# Thread: Optimizing area within a parabola

1. ## Optimizing area within a parabola

Find the largest rectangle that is inside the graph of the parabola $y = x^2$ below the line $y = a$ (a is an unspecified constant value), with the top side of the rectangle on the horizontal line $y = a$.
The explanation says we want $x$ to be in $[0, \sqrt{a}]$. What does $\sqrt{a}$ mean?

2. ## Re: Optimizing area within a parabola

Is it the point where $y=a$ intersects the parabola?

We set $x^2 = a$ and then solve for $x$?

3. ## Re: Optimizing area within a parabola

Originally Posted by maxpancho
The explanation says we want $x$ to be in $[0, \sqrt{a}]$. What does $\sqrt{a}$ mean?
??? The square root of a, of course.

Is it the point where y=a intersects the parabola?

We set x 2 =a and then solve for x ?
Yes, the line y= a intersects $y= x^2$ where $x= \sqrt{a}$. Since the given region is to lie inside (above) the graph of $y= x^2$ and below $y= a$, any point in the region must have $-\sqrt{a}\le x\le \sqrt{a}$.

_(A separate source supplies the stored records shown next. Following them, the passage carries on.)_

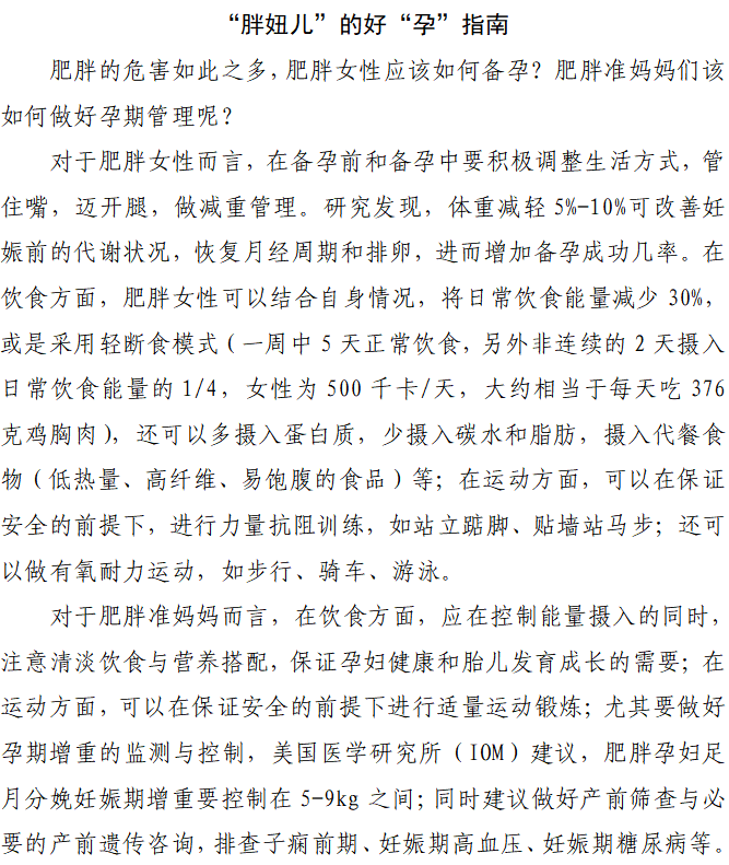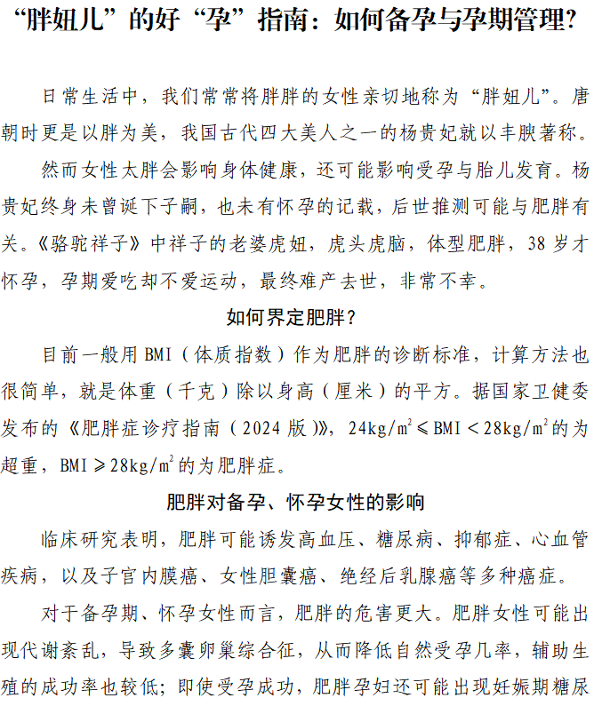 体重管理年健康科普专栏系列文章二十六:“胖妞儿”的好“孕”指南:如何备孕与孕期管理?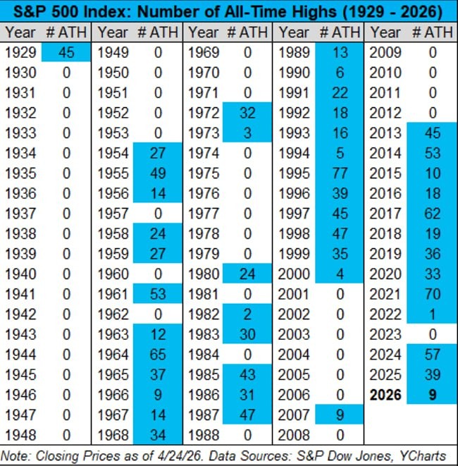Пик года, возможно, ещё очень далёк. Когда индекс S&P 500 в апреле достигает трёх или более новых максимумов, с 1986 года он никогда не достигал пика ...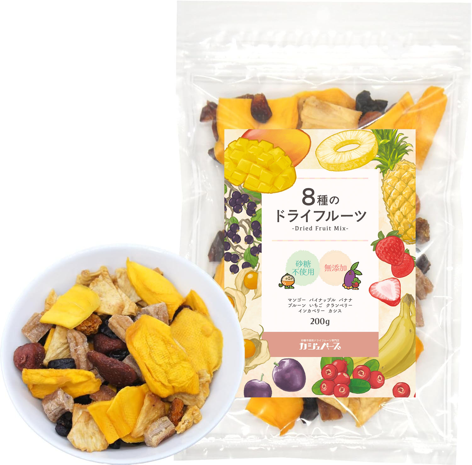 マンゴー、パイナップル、バナナ、プルーン、いちご、クランベリー、カシス、インカベリーが入った8種のドライフルーツミックスです。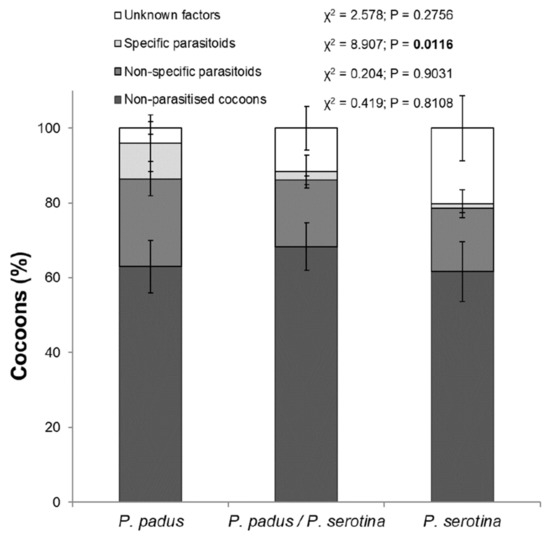 Mortality of pupal Yponomeuta evonymella feeding on Prunus padus, P. serotina or a mix of the two shrub species. Graph shows percentage of collected cocoons (means ± SD) parasitised by specific and non-specific parasitoids, killed by unknown factors, or unparasitised.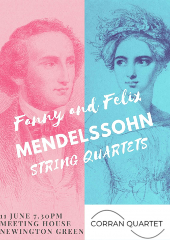 In the iconic Meeting meeting in Newington Green, recently lovingly restored to its former beauty, the Corran Quartet present 2 works from the Mendelssohn family: Fanny and her brother Felix. The Meeting House is appropriately famous for being "the birthplace of feminism", so here is a rare opportunity to hear 2 fabulous pieces of music by the Mendelssohn siblings.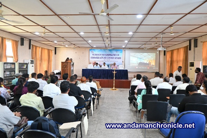 Sri Vijaya Puram, April 24: The Directorate of Industries, A&N Administration in collaboration with the Registrar of Companies, Chennai successfully organized a one-day workshop on “Sensitization on Companies Act and Company Affairs” today at the Conference Hall of the Directorate of Industries. The event, conceived under the guidance of Smti. Pallavi Sarkar, IAS, Secretary (Industries), aimed to demystify corporate laws, promote business formalization, and accelerate Ease of Doing Business in the islands, in alignment with Aatmanirbhar Bharat and Make in India vision.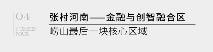 崂山最后一块核心区域就是现在最火的片区——张村河南岸,崂山发展天花板,定位是金融与创智融合区,高端研发总部、高端居住,主要以第三服务产业为主。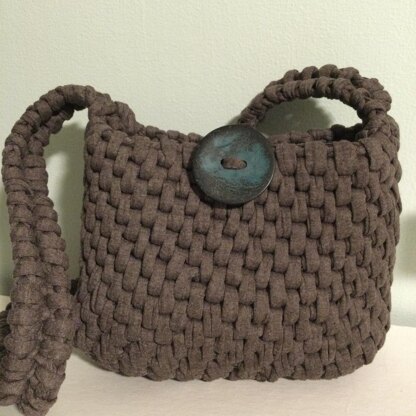 - Project uses flat yarn (ribbon, fettucine, spaghetti, tape, tshirt or other flat fabric yarn & a double-ended crochet hook. Button or toggle optional.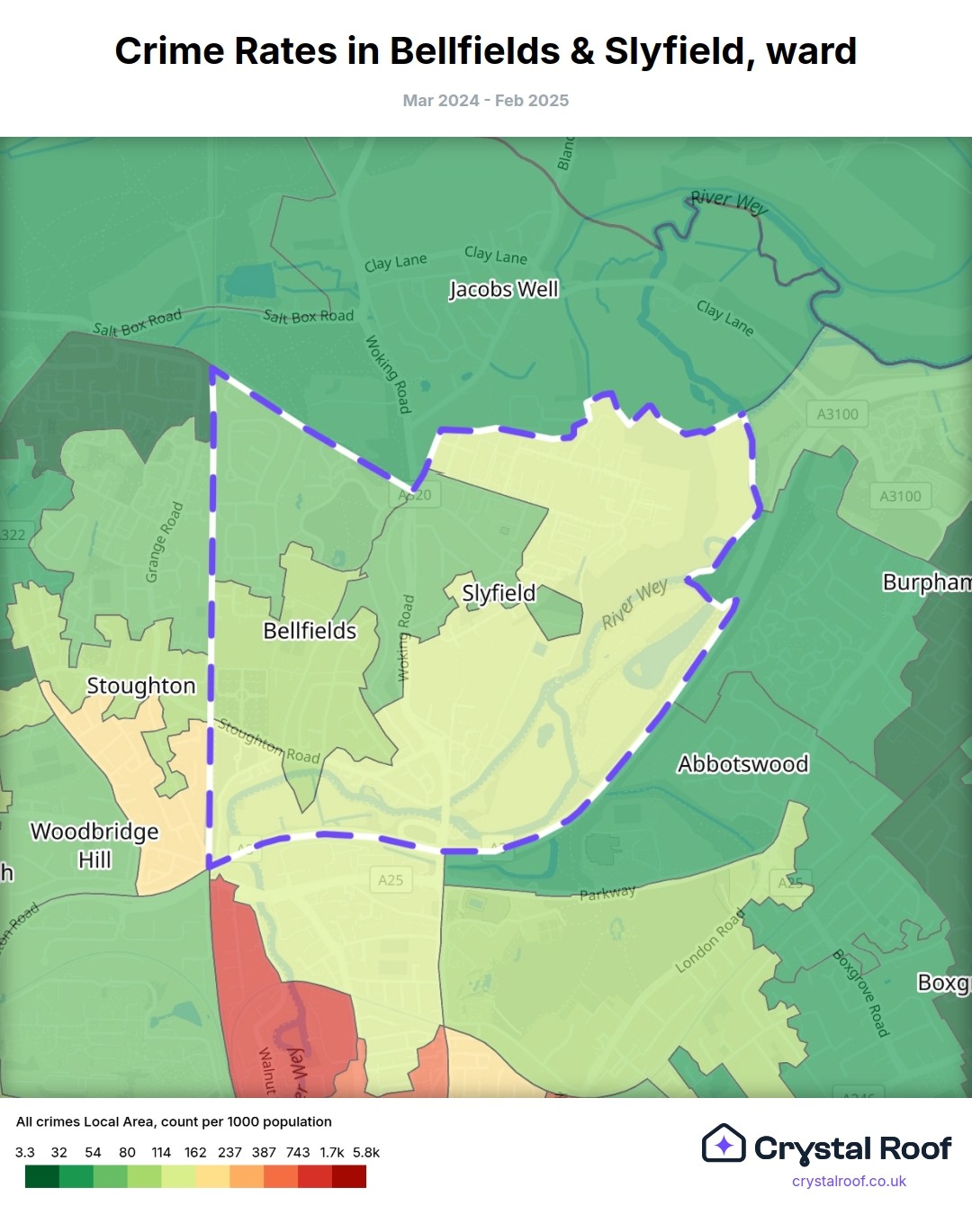 Bellfields & Slyfield, (ward) includes areas with the following crime ratings (see map):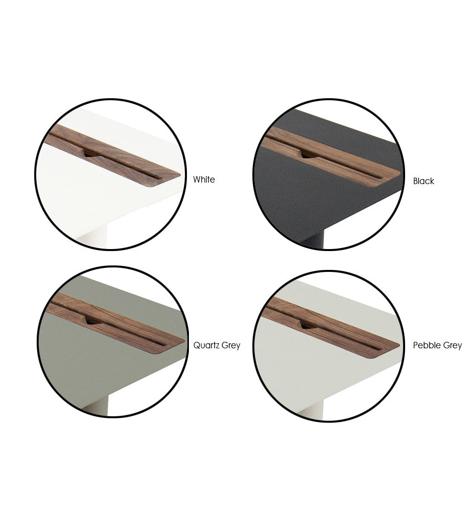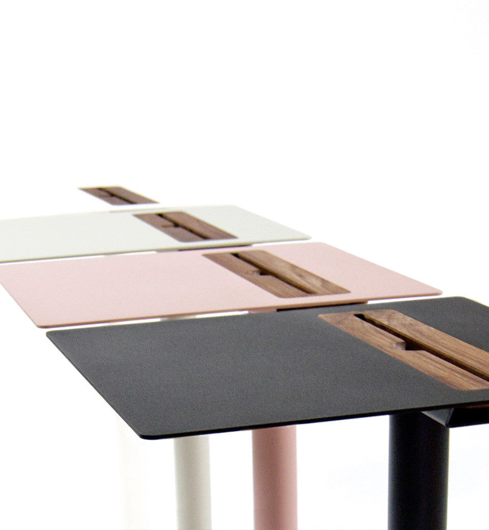 Frame in powder coated steel and tabletop insert in solid American walnut finished in translucent oil.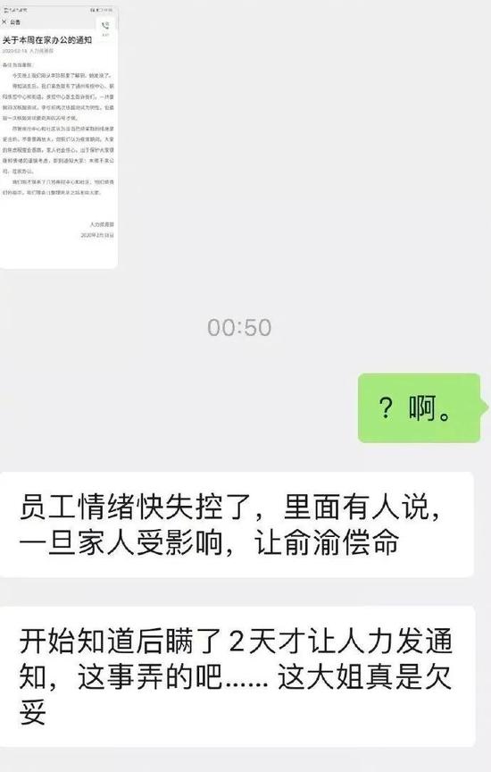 里面有人说,一旦家人受到影响,让俞渝(当当网董事长兼CEO)偿命。她还说:开始知道后瞒了两天才让人力资源部发通知,这事弄的吧……,这大姐(俞渝)真是欠妥。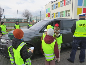 W akcji wspólnie z uczniami udział wzięli podinsp. Jakub Skiba Naczelnik Wydziału Ruchu Drogowego KPP w Zwoleniu, sierż. szt. Hubert Miturski z Wydziału Ruchu Drogowego KPP w Zwoleniu oraz Pani Agata Dmuchowska.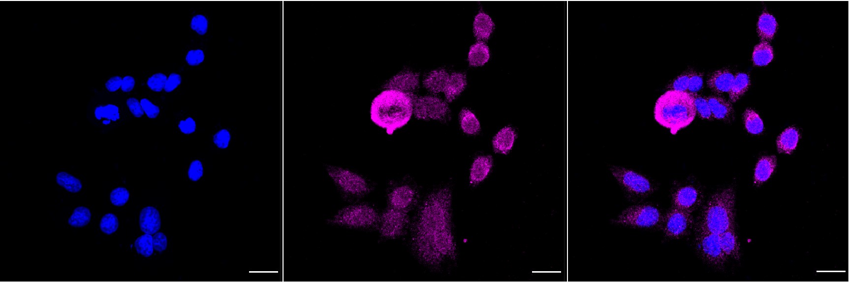 Immunocytochemical staining of HepG2 cells with MAP2K1 antibody . Nuclei were stained blue with DAPI; MAP2K1 was stained magenta with Alexa Fluor? 647. Images were taken using Leica stellaris 5. Protein abundance based on laser Intensity and smart gain: Medium. Scale bar, 20 μm.
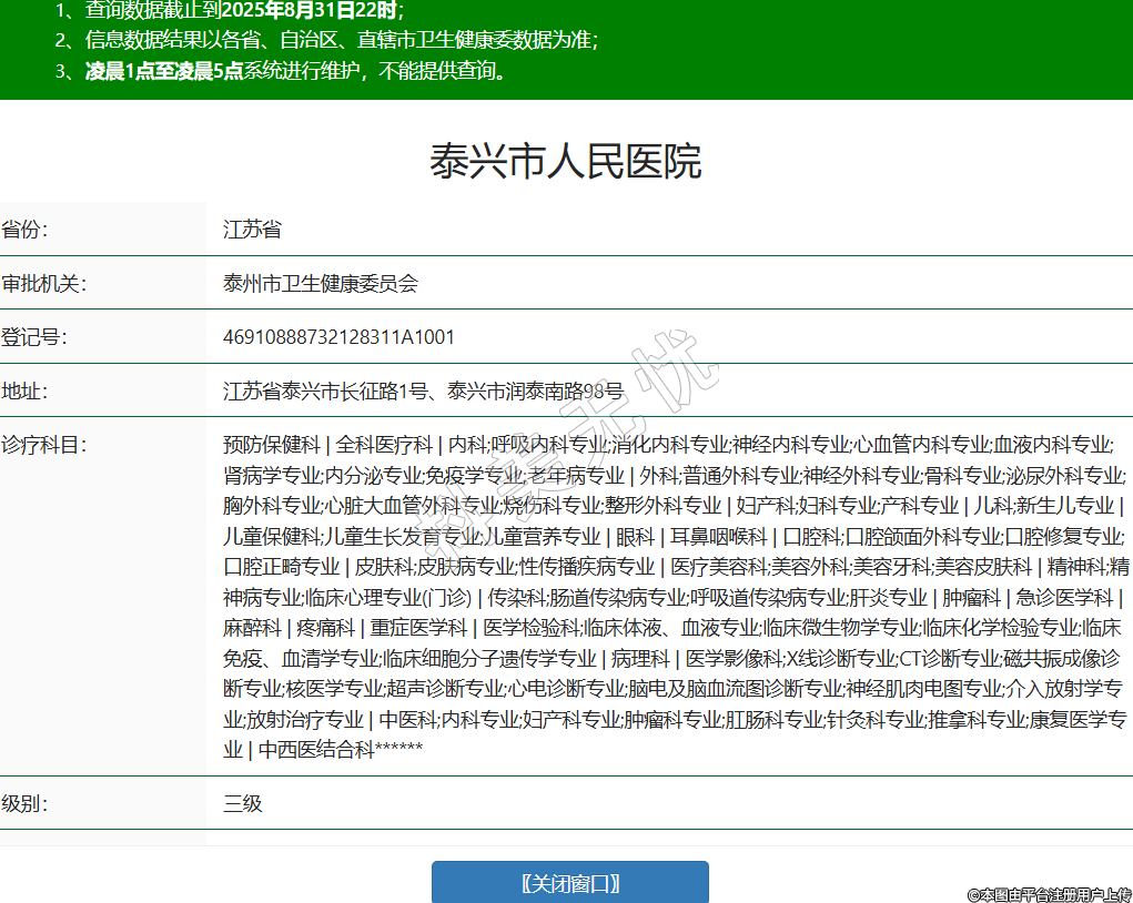 省份:江蘇省審批機(jī)關(guān):泰州市衛(wèi)生健康委員會登記號:46910888732128311A1001地址:江蘇省泰興市長征路1號、泰興市潤泰南路98號診療科目:預(yù)防保健科 | 全科醫(yī)療科 | 內(nèi)科;呼吸內(nèi)科專業(yè);消化內(nèi)科專業(yè);神經(jīng)內(nèi)科專業(yè);心血管內(nèi)科專業(yè);血液內(nèi)科專業(yè);腎病學(xué)專業(yè);內(nèi)分泌專業(yè);免疫學(xué)專業(yè);老年病專業(yè) | 外科;普通外科專業(yè);神經(jīng)外科專業(yè);骨科專業(yè);泌尿外科專業(yè);胸外科專業(yè);心臟大血管外科專業(yè);燒傷科專業(yè);整形外科專業(yè) | 婦產(chǎn)科;婦科專業(yè);產(chǎn)科專業(yè) | 兒科;新生兒專業(yè) | 兒童保健科;兒童生長發(fā)育專業(yè);兒童營養(yǎng)專業(yè) | 眼科 | 耳鼻咽喉科 | 口腔科;口腔頜面外科專業(yè);口腔修復(fù)專業(yè);口腔正畸專業(yè) | 皮膚科;皮膚病專業(yè);性傳播疾病專業(yè) | 醫(yī)療美容科;美容外科;美容牙科;美容皮膚科 | 精神科;精神病專業(yè);臨床心理專業(yè)(門診) | 傳染科;腸道傳染病專業(yè);呼吸道傳染病專業(yè);肝炎專業(yè) | 腫瘤科 | 急診醫(yī)學(xué)科 | 麻醉科 | 疼痛科 | 重癥醫(yī)學(xué)科 | 醫(yī)學(xué)檢驗(yàn)科;臨床體液、血液專業(yè);臨床微生物學(xué)專業(yè);臨床化學(xué)檢驗(yàn)專業(yè);臨床免疫、血清學(xué)專業(yè);臨床細(xì)胞分子遺傳學(xué)專業(yè) | 病理科 | 醫(yī)學(xué)影像科;X線診斷專業(yè);CT診斷專業(yè);磁共振成像診斷專業(yè);核醫(yī)學(xué)專業(yè);超聲診斷專業(yè);心電診斷專業(yè);腦電及腦血流圖診斷專業(yè);神經(jīng)肌肉電圖專業(yè);介入放射學(xué)專業(yè);放射治療專業(yè) | 中醫(yī)科;內(nèi)科專業(yè);婦產(chǎn)科專業(yè);腫瘤科專業(yè);肛腸科專業(yè);針灸科專業(yè);推拿科專業(yè);康復(fù)醫(yī)學(xué)專業(yè) | 中西醫(yī)結(jié)合科******級別:三級法定代表人:李文江主要負(fù)責(zé)人:李文江執(zhí)業(yè)許可證有效期:2021/03/31 -至- 2036/03/30 -

They are probably assuming a few things not explicitly stated: The largest rectangle will have sides parallel to the x and y axes. The top edge will be on the line y= a. The largest rectangle will be symmetric about y= 0. With a little thought you should see that those things follow from "symmetry conditions". For example, if a rectangle has vertical sides from -a to b with b< a, the we can get a larger rectangle by extending the right side from b to a.

Given that, such a rectangle must have vertices at (-x, a), (x, a), on the line y= a, and, going straight down to the parabola, $(-x, x^2)$, $(x, x^2)$. The horizontal sides of that rectangle, from x to -x, have length 2x and the vertical sides. from a to $x^2$, have length [tex]a- x^2[tex] The area to be maximized is $(2x)(a- x^2)= 2ax- 2x^3$.